Mesh together: This prototype relay node, developed by NIST, features an LED that automatically changes from green to red whenever a new node needs to be set down.
NIST
Ad-hoc wireless networks may soon tell emergency workers how to deploy transmitters.
Building an on-the-fly wireless communications networks is a vital part of firefighting, handling hostage situations, and dealing with other emergencies. But it is difficult to build such networks quickly and reliably.
Soon these emergency wireless networks could help build themselves. The National Institute of Standards and Technology (NIST) recently presented details of two experimental networks that tell emergency workers when to set down wireless transmitters to ensure a good signal.
Ad hoc wireless networks relay messages between transmitters, or nodes, without requiring any central control. But as things stand, emergency workers simply follow suggested guidelines for building such a wireless network--placing each node 15 or 30 meters apart and at key points, like the corners of a building. Or they periodically check back with the command center to make sure they're still in touch. Neither method is terribly efficient in an emergency, however. The process can also be costly if a large number of nodes are used.

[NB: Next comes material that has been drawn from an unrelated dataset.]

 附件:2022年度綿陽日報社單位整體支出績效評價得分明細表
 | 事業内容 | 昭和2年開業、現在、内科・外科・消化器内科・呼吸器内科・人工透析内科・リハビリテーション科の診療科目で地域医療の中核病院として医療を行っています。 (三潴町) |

The NIST prototypes, which have been under development for more than three years, use algorithms to monitor the signal-to-noise ratio of transmissions and automatically warn when a new node should be set down.
"We didn't want to have fixed rules, because there can be a lot of metal in walls or cinder block," meaning signal strength varies building to building, says Nader Moayeri, a senior technical advisor in NIST's Advanced Network Technologies Division. "Plus, you don't want to deploy too many, because of the cost factor as well as potential for communication delays."

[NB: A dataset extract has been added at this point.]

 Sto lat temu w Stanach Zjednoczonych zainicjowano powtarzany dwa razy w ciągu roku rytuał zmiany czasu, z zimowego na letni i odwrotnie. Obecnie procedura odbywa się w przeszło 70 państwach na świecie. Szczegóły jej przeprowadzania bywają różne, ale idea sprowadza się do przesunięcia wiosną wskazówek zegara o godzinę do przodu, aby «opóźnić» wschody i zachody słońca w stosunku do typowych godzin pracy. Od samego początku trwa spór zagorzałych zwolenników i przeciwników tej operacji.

Moayeri says that NIST considered having nodes ping each other with short messages to see how many packets of data were lost in transit. The problem with this approach is that the person deploying the network would not detect a weak connection immediately and might have to backtrack. Having an algorithm measure the signal-to-noise ratio instead avoids this problem and provides a clearer picture of connection strength.
NIST built two prototype networks using off-the-shelf hardware. One operates at 900 megahertz and uses Crossbow MICA2 Motes to transmit radio signals. The other, a Wi-Fi network operating at 2.4 gigahertz , uses Linux-based Gumstix transmitters. But Moayeri says that the NIST algorithm should work with any wireless hardware and on any available spectrum.
In the Crossbow system, each node has an LED that automatically changes color, from green to red, when a new node needs to be set down. The Gumstix system issues alerts via a handheld or tablet computer connected to the same wireless network.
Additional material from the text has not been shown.